What is the number of lines in the entries that contain the word "stands"? Answer with that figure alone.

Dataset excerpts
————

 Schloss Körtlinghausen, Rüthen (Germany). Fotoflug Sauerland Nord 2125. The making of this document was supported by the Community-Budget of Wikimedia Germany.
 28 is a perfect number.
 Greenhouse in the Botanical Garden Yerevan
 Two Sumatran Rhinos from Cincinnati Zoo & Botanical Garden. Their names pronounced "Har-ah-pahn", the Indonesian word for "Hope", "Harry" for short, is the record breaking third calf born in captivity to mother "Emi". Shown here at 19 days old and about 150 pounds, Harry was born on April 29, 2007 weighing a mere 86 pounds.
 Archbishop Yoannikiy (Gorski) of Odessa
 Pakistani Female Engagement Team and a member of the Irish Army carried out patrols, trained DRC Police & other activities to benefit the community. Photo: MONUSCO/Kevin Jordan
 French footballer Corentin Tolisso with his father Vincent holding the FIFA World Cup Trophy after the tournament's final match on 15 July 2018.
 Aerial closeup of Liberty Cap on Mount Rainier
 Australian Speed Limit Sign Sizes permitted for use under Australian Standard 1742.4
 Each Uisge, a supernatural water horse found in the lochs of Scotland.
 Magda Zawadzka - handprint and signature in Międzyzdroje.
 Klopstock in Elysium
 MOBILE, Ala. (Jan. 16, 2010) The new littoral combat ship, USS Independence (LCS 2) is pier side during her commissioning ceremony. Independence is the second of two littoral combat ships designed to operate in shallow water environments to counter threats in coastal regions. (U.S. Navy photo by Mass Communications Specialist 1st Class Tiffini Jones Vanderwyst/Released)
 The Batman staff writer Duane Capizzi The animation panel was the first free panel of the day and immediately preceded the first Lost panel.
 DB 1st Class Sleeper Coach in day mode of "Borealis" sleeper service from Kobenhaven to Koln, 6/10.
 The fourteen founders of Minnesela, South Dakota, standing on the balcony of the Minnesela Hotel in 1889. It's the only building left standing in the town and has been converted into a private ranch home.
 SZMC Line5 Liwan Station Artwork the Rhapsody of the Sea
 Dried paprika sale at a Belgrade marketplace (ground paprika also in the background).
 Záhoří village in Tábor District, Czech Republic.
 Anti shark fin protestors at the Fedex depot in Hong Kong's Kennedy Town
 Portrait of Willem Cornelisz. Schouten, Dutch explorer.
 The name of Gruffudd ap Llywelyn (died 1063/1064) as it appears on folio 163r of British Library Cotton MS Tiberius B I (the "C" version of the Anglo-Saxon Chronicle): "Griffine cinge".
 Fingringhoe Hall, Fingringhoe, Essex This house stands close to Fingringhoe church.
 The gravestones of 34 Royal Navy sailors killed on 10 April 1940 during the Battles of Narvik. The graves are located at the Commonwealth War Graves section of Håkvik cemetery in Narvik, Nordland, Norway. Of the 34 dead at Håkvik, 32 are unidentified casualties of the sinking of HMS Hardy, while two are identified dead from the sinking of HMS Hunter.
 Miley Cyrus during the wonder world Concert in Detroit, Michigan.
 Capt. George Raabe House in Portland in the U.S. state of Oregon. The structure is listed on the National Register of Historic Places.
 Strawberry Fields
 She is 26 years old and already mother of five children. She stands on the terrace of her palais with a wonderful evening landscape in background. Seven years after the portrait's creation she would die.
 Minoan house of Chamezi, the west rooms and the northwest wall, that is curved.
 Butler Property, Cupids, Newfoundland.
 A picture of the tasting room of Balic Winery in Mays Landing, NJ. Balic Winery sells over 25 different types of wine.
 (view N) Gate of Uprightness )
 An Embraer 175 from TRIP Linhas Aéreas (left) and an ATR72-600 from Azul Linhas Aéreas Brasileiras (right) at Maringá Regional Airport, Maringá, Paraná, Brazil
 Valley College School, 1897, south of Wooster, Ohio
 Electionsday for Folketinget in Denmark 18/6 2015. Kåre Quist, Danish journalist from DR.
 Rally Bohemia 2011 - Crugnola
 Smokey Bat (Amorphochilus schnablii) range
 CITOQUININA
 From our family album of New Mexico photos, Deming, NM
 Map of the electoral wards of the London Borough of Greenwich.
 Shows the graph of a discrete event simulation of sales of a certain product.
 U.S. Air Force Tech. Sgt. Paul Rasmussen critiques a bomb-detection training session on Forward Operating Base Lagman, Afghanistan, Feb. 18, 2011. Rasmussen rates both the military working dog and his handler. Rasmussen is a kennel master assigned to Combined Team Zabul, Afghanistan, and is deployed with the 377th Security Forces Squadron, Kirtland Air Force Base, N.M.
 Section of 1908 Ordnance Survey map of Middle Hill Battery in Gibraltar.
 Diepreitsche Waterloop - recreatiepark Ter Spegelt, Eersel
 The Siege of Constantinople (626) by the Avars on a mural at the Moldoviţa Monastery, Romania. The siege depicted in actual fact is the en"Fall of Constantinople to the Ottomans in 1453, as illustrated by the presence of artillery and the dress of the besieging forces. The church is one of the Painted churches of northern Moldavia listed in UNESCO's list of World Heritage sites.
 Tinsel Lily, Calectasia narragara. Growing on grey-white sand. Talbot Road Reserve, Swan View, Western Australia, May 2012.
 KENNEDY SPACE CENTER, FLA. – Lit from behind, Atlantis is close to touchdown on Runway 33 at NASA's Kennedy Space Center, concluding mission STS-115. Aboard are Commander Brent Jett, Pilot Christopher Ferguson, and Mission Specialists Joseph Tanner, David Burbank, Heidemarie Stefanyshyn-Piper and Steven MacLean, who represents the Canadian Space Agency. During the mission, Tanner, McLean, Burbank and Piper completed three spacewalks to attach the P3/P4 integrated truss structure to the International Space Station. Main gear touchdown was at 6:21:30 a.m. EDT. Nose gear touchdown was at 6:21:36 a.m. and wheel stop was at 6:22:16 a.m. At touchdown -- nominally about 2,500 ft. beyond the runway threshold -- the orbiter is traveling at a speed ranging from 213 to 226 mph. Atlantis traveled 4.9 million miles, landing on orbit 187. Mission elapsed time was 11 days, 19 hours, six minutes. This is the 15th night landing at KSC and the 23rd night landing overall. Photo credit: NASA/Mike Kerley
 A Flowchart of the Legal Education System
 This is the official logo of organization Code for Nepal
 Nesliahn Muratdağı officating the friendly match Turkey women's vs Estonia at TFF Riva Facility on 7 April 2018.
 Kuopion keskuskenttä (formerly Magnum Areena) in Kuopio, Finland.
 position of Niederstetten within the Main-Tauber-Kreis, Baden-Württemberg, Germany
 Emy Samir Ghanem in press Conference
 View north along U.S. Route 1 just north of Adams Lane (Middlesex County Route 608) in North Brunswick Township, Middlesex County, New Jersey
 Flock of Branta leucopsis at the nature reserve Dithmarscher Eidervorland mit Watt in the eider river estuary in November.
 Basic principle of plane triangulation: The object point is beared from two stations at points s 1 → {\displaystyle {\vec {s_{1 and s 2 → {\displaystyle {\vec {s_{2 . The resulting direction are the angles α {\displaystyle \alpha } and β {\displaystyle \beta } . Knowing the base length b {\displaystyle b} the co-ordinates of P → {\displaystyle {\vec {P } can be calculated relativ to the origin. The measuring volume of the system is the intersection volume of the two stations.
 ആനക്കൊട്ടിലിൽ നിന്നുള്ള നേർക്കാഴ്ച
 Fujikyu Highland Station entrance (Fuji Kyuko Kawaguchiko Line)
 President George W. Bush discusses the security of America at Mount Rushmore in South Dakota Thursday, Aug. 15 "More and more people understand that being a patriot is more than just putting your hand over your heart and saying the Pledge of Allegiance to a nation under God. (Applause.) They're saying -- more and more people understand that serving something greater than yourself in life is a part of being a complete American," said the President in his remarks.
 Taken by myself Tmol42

————

__Your solution__
2